If you're not using ssh-agent to authenticate yourself to SSH servers, you should be. (i'm assuming you're already using PubkeyAuthentication; if you're still using PasswordAuthentication, ChallengeResponseAuthentication or KbdInteractiveAuthentication, fix that please).

You should use ssh-agent for a number of reasons, actually, but the simplest is this: when you authenticate to a text-based channel on a remote server, you should never have to type anything about that authentication into the channel that will eventually be controlled by the remote server.
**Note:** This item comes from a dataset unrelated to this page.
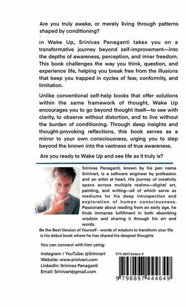 Book Description Are we truly evolving, or are we merely repeating the same patterns under different circumstances? Humans have advanced technologically, built civilizations, and shaped societies, yet inwardly, have we really changed? Do we still live in fear, conflict, and division, driven by the same instincts that ruled us centuries ago? Wake Up is not a self-help book filled with techniques or quick solutions. It is an invitation to observe, question, and understand the very nature of our thoughts, emotions, and conditioning. It challenges the illusions we hold about progress, happiness, and identity, urging us to look beyond superficial change and into the depths of our consciousness. With deep insight and clarity, this book explores the patterns that keep us trapped-craving security, seeking validation, conforming to beliefs, and living mechanically without true awareness. Through inquiry rather than instruction, it asks the fundamental questions: Can we free ourselves from the cycle of fear and desire? Is real transformation possible? What does it mean to live with complete awareness? If Be the Best Version of Yourself was about personal growth, Wake Up is about breaking free. This book is for those who seek more than answers-it is for those willing to see beyond the known, to step into the unknown, and to truly Wake Up.

That's because a malicious server could simply accept your connection as an anonymous connection and print out the exact prompt you're expecting. Then, whatever you're typing goes into the remote server instead of into your authentication scheme. and congrats, you just gave away the passphrase for your key.

With ssh-agent, you talk first to your agent. Then, you talk to the server and your ssh client talks to the agent. Your keys and your passphrase are never exposed.

the second reason is that the agent is a much smaller piece of code than the ssh client, and it doesn't talk to the network at all (unless you force it to). It holds your key and never releases it to querying processes; It even runs in a protected memory space so other processes can't peek at it.

So if this protected, isolated agent is what holds your key, you're in much better shape than if a non-protected, larger, network-active process (the ssh client) has direct access to your secret key material.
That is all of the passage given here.